As the SDSS data contains fields’ boundaries and objects’ ID and location that are present in the field, González et al. were able to obtain bounding box and label for each object in the field, which are required to train YOLO network.

3. YOLO

[Figure 5] A YOLO Network Architecture slightly modified by González et al. for galaxy detection

YOLO (You Only Look Once) is a deep learning computer vision algorithm used for object detection in images and videos introduced by Joseph Redmon et al. in 2016. In YOLO, a single neural network predicts bounding boxes and class probabilities directly from full images in one evaluation (single-shot object detection). The basic step-by-step procedure of YOLO network goes as follows.
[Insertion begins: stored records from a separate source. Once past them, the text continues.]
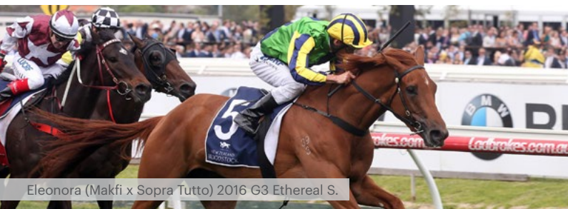
Eleonora (Makfi x Sopra Tutto) 2016 G3 Ethereal S.
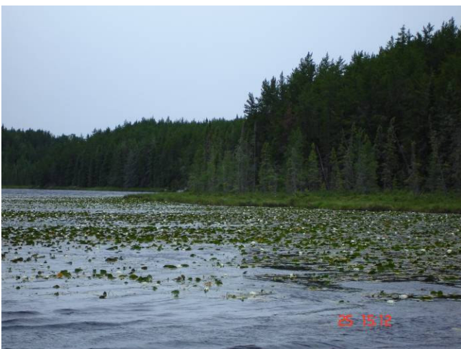
Water lilies, North Carroll Lake
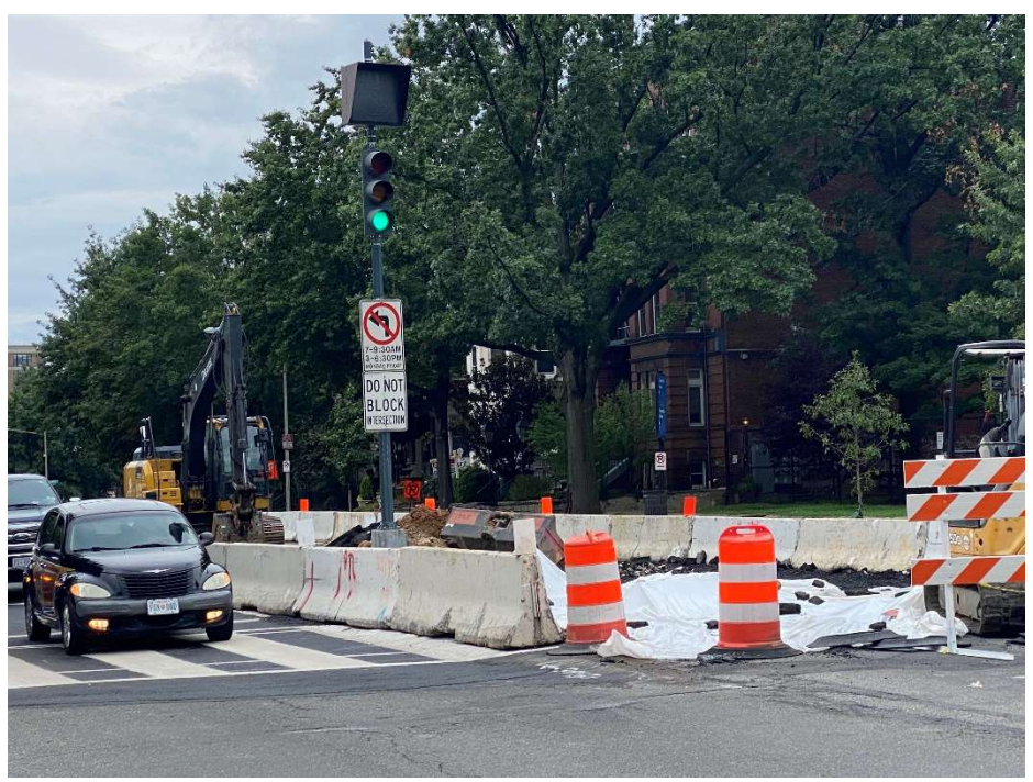
Picture No. 5 – 08/19/2020 – Inspection of MOT at the intersection of NY Ave and NJ Ave. (East View)
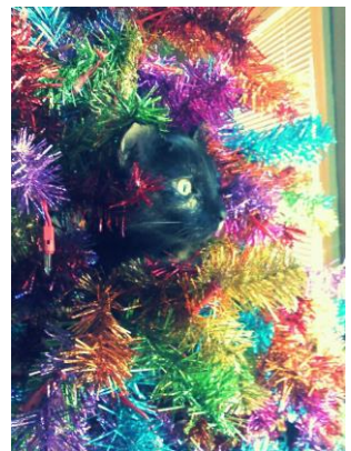
Morchella rates holiday trees 9/10. Here she is enjoying some holiday bird watching from her spot at the top of a 7 foot tree. Few ornaments survived.
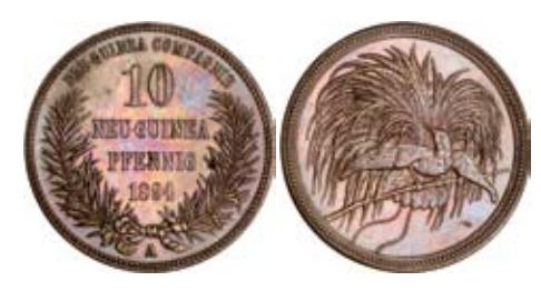
628* German New Guinea, bronze ten pfennig 1894A. Bluish red brown, nearly uncirculated. $750

Private purchase from M.R.Roberts with their ticket, with PCGS certificate as MS64BN.
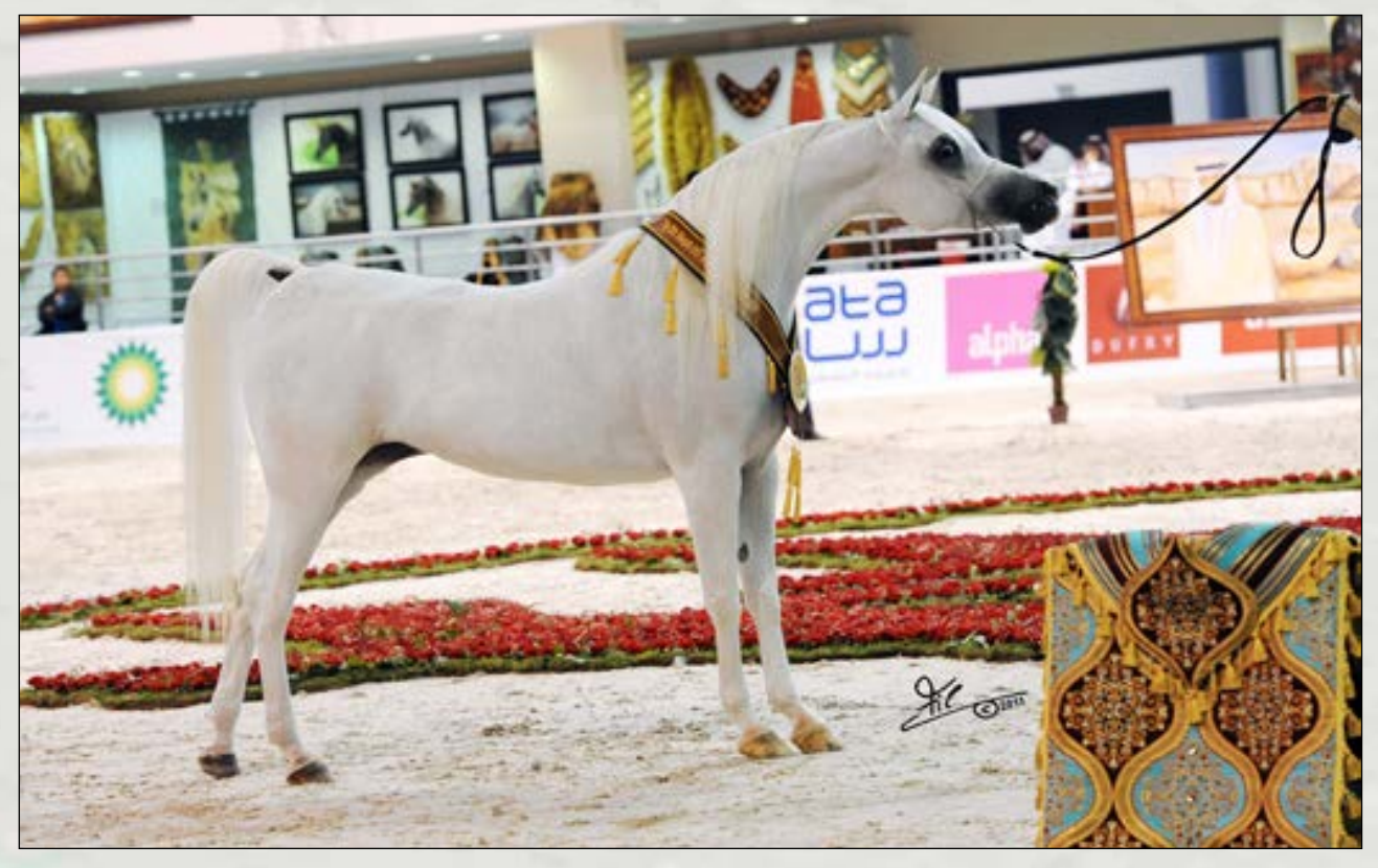
Badawiyeh AA (Laheeb x Bahiha) Multi-Champion Mare and 2014 Silver World Champion Mare.
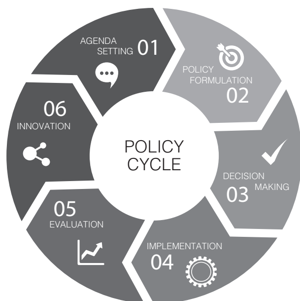
Figure 2 | The policy cycle model

It is widely acknowledged that the policy cycle model is a simplified framework to understand policy processes (Jann & Wegrich, 2007). The critique mainly focuses on understanding policy processes as developing in discrete and sequential stages. A second line of critique argues that the policy cycle model does not offer any explanation of what drives processes from one stage to another. However, the critique under-emphasises the important and successful usages of the model: it has been frequently applied both as “a yardstick for the evaluation of the (comparative) success or failure of a policy” (Jann & Wegrich, 2007, p. 58) and for contextualising case studies of single steps in the process. Based on this critique, rather than seeing the policy cycle model as an accurate representation and causal model of policy processes, we use it as a heuristic device for analytical categorization of empirical material.
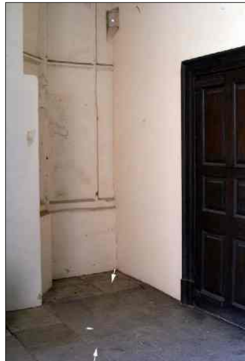
Fig. 4. The aperture, about 20mm in diameter, and a spot of sunlight having crossed the line at solar noon, taken on 3 August 2007.
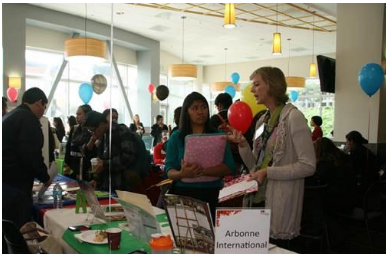
San Mateo Job Fair
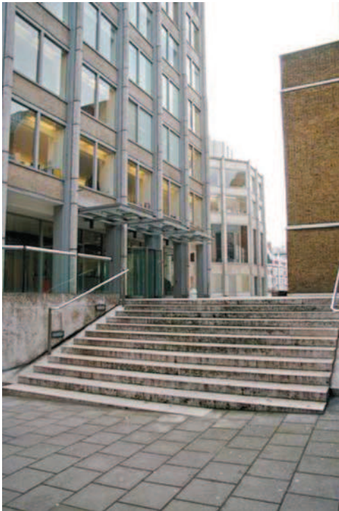
The Economist Building complex, Peter and Alison Smithson's project - London 1965
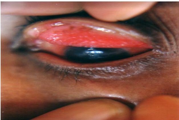
Fig 4 This case has large follicles with keratinisation of marginal palpebral conjunctiva (photographed after permission from the patient, by Dr. Mohnish Gopal)

Trachoma has been notorious for parched / xerotic conjunctiva, Bitot spots and superficial corneal epitheliopathy amidst lot of reflex watering due to scarring of fornices and palpebral conjunctiva . This is like the proverbial thirsty fish amidst plenty of water. (photographed after permission from the patient, by Dr. Mohnish Gopal)
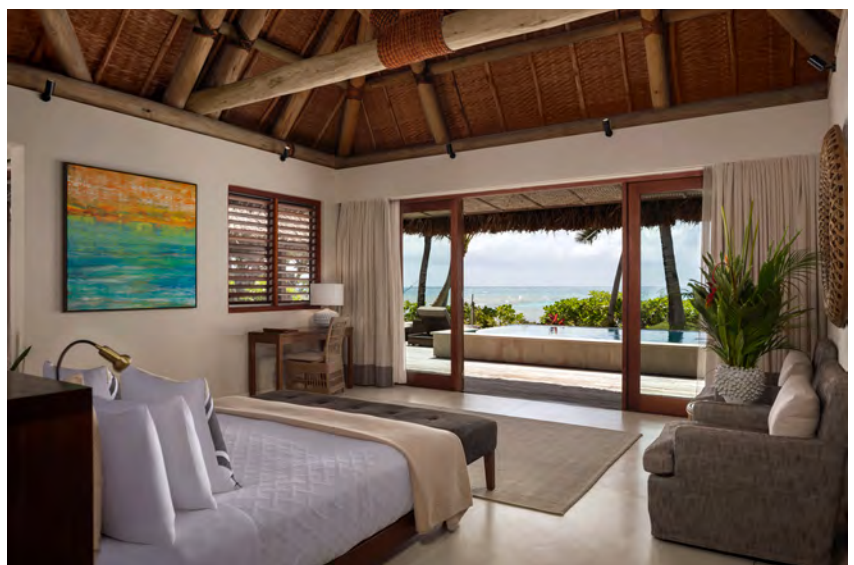
Comfortable 1-bedroom Sunrise Villa, at Kokomo Private Island.

Two beaches front the island's 21 Sunrise and Sunset Villas, which range from 1-3 bedrooms; each Villa with its own infinity edge pool and private deck, opening on-
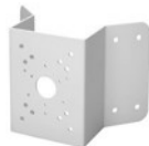
PFA151 Corner mount
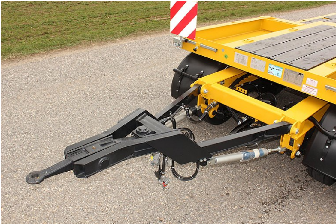
OPTIONAL: Offset drawbar with pivoting eye, 40 + 50 mm

  1. The input image is divided into a grid of cells. The size of the grid is determined by the network architecture and the size of the input image.

  2. Each cell is responsible for predicting one or more bounding boxes that contain objects in the image. Each bounding box is represented by a set of 5 values(x, y, w, h, confidence), where the (x, y) coordinates represent the center of the bounding box, (x,h) coordinates represent the width and height of the box, and the confidence value represents the probability that the bounding box contains an object.

  3. Each bounding box also has associated class probabilities, which represent the probability that the object within the bounding box belongs to a particular class.

  4. The YOLO network uses a single convolutional neural network to simultaneously predict bounding boxes and class probabilities for all cells in the grid. The network is trained on a large dataset of labeled images, using backpropagation to adjust the weights of the network to minimize the prediction error.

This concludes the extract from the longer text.